Chapter 5: Affiliation networks

Concepts

Basic ideas

  • People affiliate to groups (often defined by space, like the University of Alberta), and events (typically defined by space-time, like this class session), whether by choice or circumstance.
  • Such affiliations define bipartite networks comprising two kinds of vertex, which we can call actors and events (don't be confused - events could be more like groups).
  • In a bipartite network there are two kinds of vertex, type A and type B. All lines connect a type A vertex to a type B vertex - there are no direct connections between vertices of type A, nor are there direct connections between vertices of type B.
  • A bipartite network is also called "two mode", since there are two kinds of vertex, and is represented by a matrix rectangle rather than a square (see this in Excel).
  • Affiliation networks are bipartite (or two-mode), but the reverse doesn't hold (e.g. links between keys and locks is bipartite, but not an affiliation network in the usual sense).
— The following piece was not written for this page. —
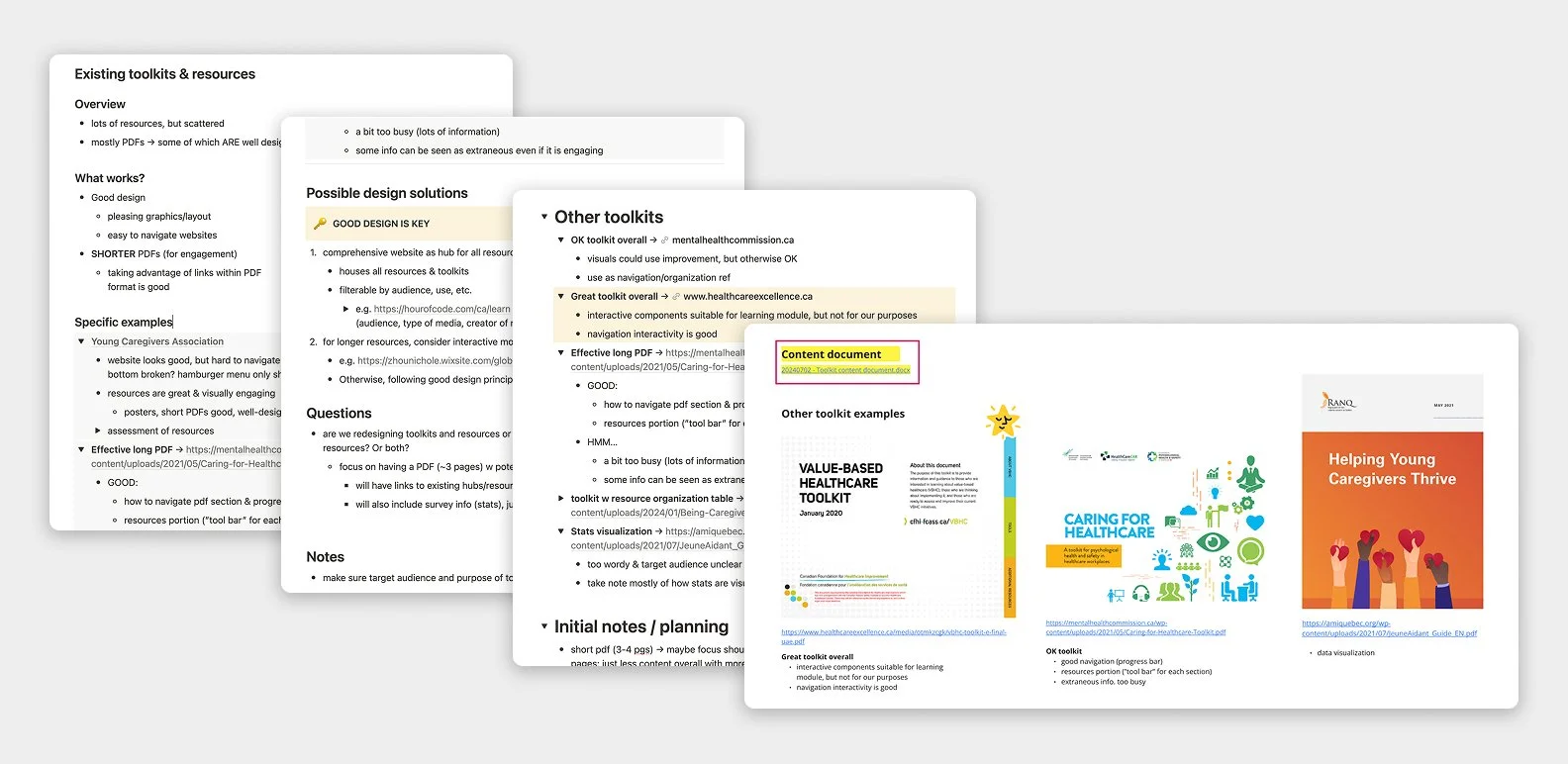 Soon after joining the project, I was tasked with identifying the best knowledge translation format for the RISE-UP project's research findings and co-design outputs. Considering feasibility and accessibility, I proposed formats such as websites and toolkits. Ultimately, a PDF toolkit was selected due to constraints with reaching the target audience—healthcare providers. I then conducted a media audit of existing PDF toolkits to inform the development of our own toolkit.

An affiliation network is a special interpretation of a bipartite network.
  • Affiliations define social circles (the term comes from sociologist George Simmel) which overlap.
  • Network representation of identity as a model for social belonging:
    • Culture model (common in traditional ethnomusicology, and applicable small-scale societies): each individual belongs to one "complex whole" as Tylor put it in 1847. This "complex whole" might be identified as the sum of many social circles, but they heavily overlap: everyone in a small community belongs to many or most of them (work circle, religious circle, etc.) with diversions primarily on the basis of age and gender.
    • Identity model (more common in sociology and contemporary ethnomusicology, and more applicable to large-scale societies): individuality is the sum total of multiple "simple parts", each person summing them in a slightly different way. These "parts" can be viewed as social circles whose intersection is the individual.
    • Note: social identity can't be captured in a single Pajek partition....why? The concept of partition is closer to the traditional "culture" model of exclusive all-encompassing identities.
  • Social circles may also imply power circles with critical implications for relationships among "events" (groups). Example: Interlocking directorates
  • Degree of a vertex indicates the scope of the corresponding social circle:
    • Degree of an event (group): size of the event (group)
    • Degree of an actor: rate of participation of the actor

Typical assumptions about affiliation networks

  • Book states them as facts (see p. 101), but you should critique them in theory! test them in your projects!
  1. Affiliations are institutional or structural - less personal than friendships or sentiments. [What do you think? How could we test this?]
  2. "Although membership lists do not tell us exactly which people interact, communicate, and like each other, we may assume that there is a fair chance that they will." [what factors might impact the chances of actual dyadic interaction?]
  3. Actors at the intersection of multiple social circles...
    1. tend to interact even more
    2. become bridges enabling indirect communication/control between the circles as a whole.
  4. "Joint membership in a social circle often comes with similarities in other social domains." (i.e. homophily principle..."birds of a feather flock together". Is this cause of common affiliation, or effect? Understanding the difference might require different methods: (a) temporal network analysis, or (b) qualitative (interview, observation) analysis.)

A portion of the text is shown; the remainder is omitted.